More importantly, HOBBIT delivered the first version of its Generation & Acquisition, Analysis & Processing, Storage & Curation and Visualization & Services benchmarks. More specifically:
- Generation & Acquisition benchmarks measure the performance of SPARQL query processing systems when faced with streams of data from industrial machinery in terms of efficiency and completeness. In order to reflect the real loads on triple stores that are used in real applications, Public Transport, Twitter, Traffic and Sensor data from the plastic injection moulding industrial plants of Weidmüller were collected. In this context, HOBBIT provides benchmarks to measure the performance of extraction systems for unstructured streams of natural-language data. We took under account for the benchmarks, the real, curated unstructured datasets by experts and unstructured data streams by Bengal, a generic data generator.
- Analysis & Processing benchmarks focus on testing the performance of link discovery systems and machine learning methods (supervised and unsupervised) for data analytics. More specifically, the link discovery benchmarks developed in HOBBIT can be used to test the performance of (a) instance matching tools that implement string-based approaches for identifying matching entities and (b) systems that deal with topological relations proposed in the state of the art DE-9IM model (Dimensionally Extended nine-Intersection Model). The analysis benchmark is used to test the efficiency and effectiveness of machine learning (supervised and unsupervised ) approaches on structured data.
- Storage & Curation benchmarks aim at testing the performance of data storage and versioning systems for Linked Data. The data storage benchmark focuses on the typical challenges faced by Linked Data storage systems and is based on the Social Network Benchmark (SNB) developed in the context of the EU FP7 LDBC Project. HOBBIT’s versioning benchmark aims to test the ability of versioning systems to efficiently manage evolving Linked Data datasets and queries evaluated across multiple versions of such datasets; it extends the LDBC Semantic Publishing Benchmark (SPB), inspired from the publishing domain.
- Visualization & Services benchmarks aim at testing the performance of query answering and faceted browsing systems for Linked Data without involving users. The developed benchmarks are not intended to test user interfaces but focus on providing performance and accuracy measurements for approaches used in such interfaces. For the benchmarks, browsing scenarios that reflect an authentic use-case and challenge participating systems on different points of difficulty were developed.

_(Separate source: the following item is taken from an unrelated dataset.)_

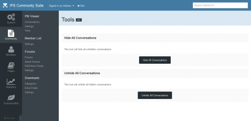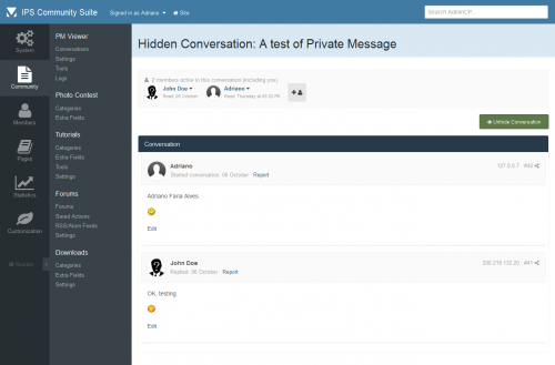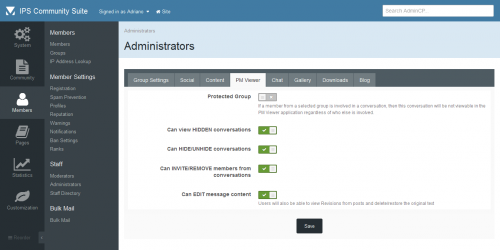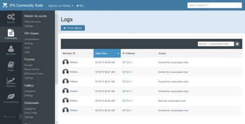 This application will allow administrators to read conversations on Admin CP. If admins has a special permission, they will also be able to VIEW hidden conversations, EDIT, HIDE/UNHIDE conversations (from appearing on PM Viewer application) and INVITE/REMOVE MEMBERS from conversations. Conversations can also be tracked by filtering keywords. If a specific keyword added by an admin is used on Conversation, users from selected group will receive a notification with a link to the conversation on PM Viewer application. Admins can also use tools to HIDE or UNHIDE all conversations with one click.

All aforementioned benchmarks are available on HOBBIT’s CKAN: https://ckan.project-hobbit.eu/dataset along with their source code and related publications.
The HOBBIT evaluation platform was released in the beginning of the second year of the project. It is a distributed FAIR benchmarking platform for the Linked Data lifecycle that is open source and it can be downloaded and executed locally. The HOBBIT Platform can be accessed through its online instance that can be used for a) running public challenges and b) making sure that even people without the required infrastructure are able to run the benchmarks they are interested in.
The online instance of the HOBBIT benchmarking platform is accessible at master.project-hobbit.eu and its code is accessible at https://github.com/hobbit-project.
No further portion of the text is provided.